In fact, many people in the U.S. now face diminished retirements and generally straitened circumstances precisely because they mistook the rising prices of their house and Internet stocks for wealth and spent or borrowed against it. Is the U.S. actually so desperate for economic activity that this is the best it can do? Apparently so.

“When will these guys ever learn that maybe, just maybe, these Fed policies aimed at targeting asset prices at levels above their intrinsic values is probably not in the best interests of the nation?” Dave Rosenberg, chief economist and strategist at Gluskin, Sheff wrote in a note to clients.

CALLING DR RICARDO

So, now that the strategy is clear the question is will it work? So far, the promise of QE seems to be affecting the term premium in debt markets, reducing longer-term funding costs, and stock market traders also seem to think it will be good for equities.

The reality of QE when it arrives may be a bit different: debt markets are less dislocated than last time and so the value of the balm will be less, while stocks are far more richly priced.

A more interesting question is how households and businesses react to the paper wealth if the Fed is successful in creating it. Businesses may use their newly rich equity prices to go and buy other businesses, especially ones with actual resources attached, such as mining companies. They will be less interested in investing in new production unless they see strong signs from households that they are interested in buying more again.

For households, you have to wonder if there is a sort of Ricardian equivalence that applies to manufactured asset price inflation caused by QE or otherwise loose monetary policy. Ricardian equivalence is the controversial idea that consumers realise the fiscal constraints of their governments and will, for example, not spend a tax rebate if they know it means a tax rise down the road. Would they similarly not spend asset gains they see as false?

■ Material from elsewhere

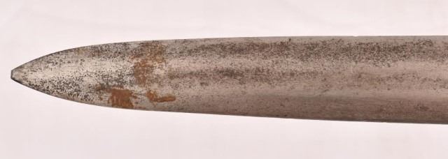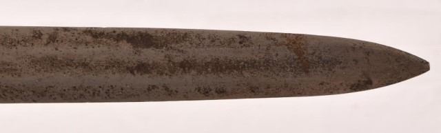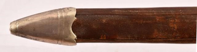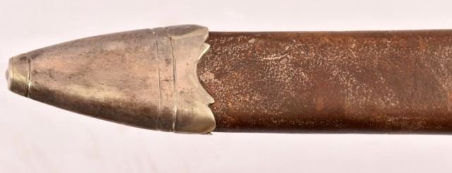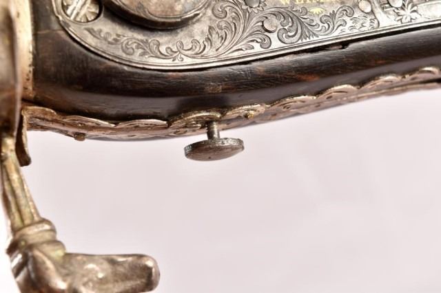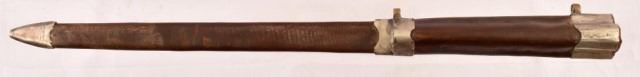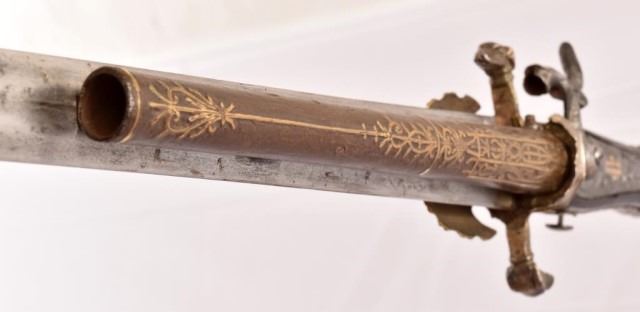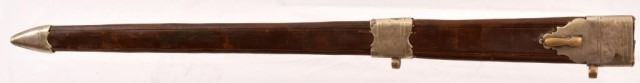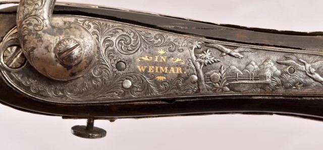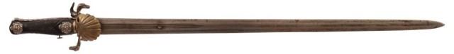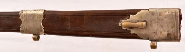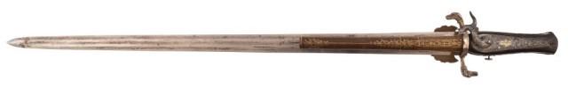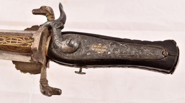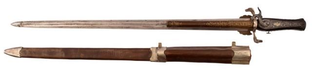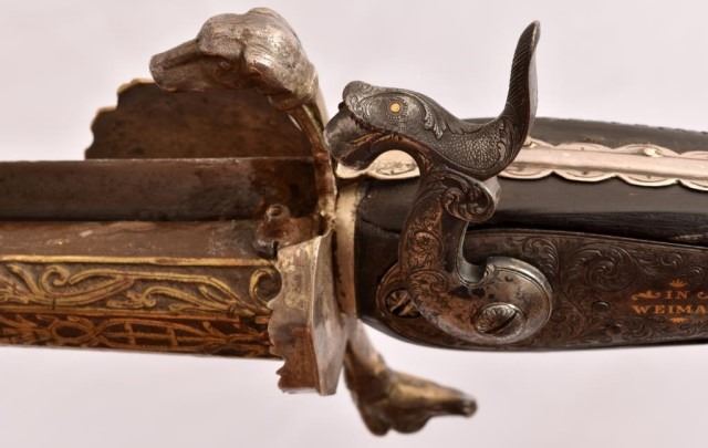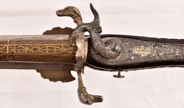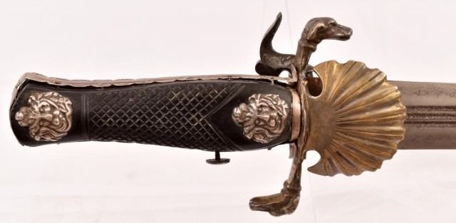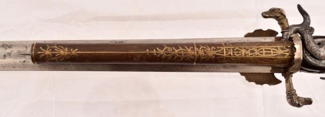 Hammer engraved with fish head, dog head hand guards. Hammer plate engraved with hunting dog scene and gold inlay. 28" blade length, 33.75" overall.

Clearly this idea did not apply to the interplay of policy, asset prices and consumption in the last decade. People spent some of the paper wealth that was created by loose policy under Alan Greenspan. That, however, was before they were burned by the housing crash, and Greenspan had the good sense to effectively conceal his experiment from his subjects. Now that the Federal Reserve has come out and said it is trying to ramp up asset markets, the feel-good factor from a rising stock market may be lacking.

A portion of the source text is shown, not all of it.